Start of PROVIDED RECORDS

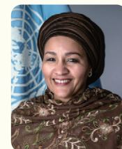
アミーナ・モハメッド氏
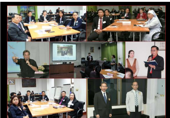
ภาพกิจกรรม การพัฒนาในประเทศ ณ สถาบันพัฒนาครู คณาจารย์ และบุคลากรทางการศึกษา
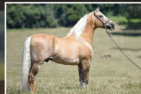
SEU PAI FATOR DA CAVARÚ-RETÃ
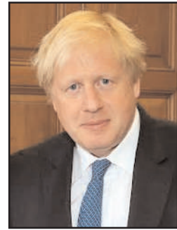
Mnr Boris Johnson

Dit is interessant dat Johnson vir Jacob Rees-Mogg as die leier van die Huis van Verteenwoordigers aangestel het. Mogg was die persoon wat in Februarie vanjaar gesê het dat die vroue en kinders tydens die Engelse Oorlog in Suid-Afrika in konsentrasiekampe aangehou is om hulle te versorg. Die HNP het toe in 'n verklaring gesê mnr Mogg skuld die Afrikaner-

End of PROVIDED RECORDS
Start of PROVIDED RECORDS

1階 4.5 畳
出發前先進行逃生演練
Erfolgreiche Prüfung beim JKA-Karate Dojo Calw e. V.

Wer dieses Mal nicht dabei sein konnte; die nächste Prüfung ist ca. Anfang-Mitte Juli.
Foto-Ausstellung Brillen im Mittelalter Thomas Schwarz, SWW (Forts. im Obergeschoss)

End of PROVIDED RECORDS

**THE TASK:** Every line in the data that holds the string "Prüfung" should be copied.

**SOLUTION TO THE PROBLEM:**
Erfolgreiche Prüfung beim JKA-Karate Dojo Calw e. V.
Wer dieses Mal nicht dabei sein konnte; die nächste Prüfung ist ca. Anfang-Mitte Juli.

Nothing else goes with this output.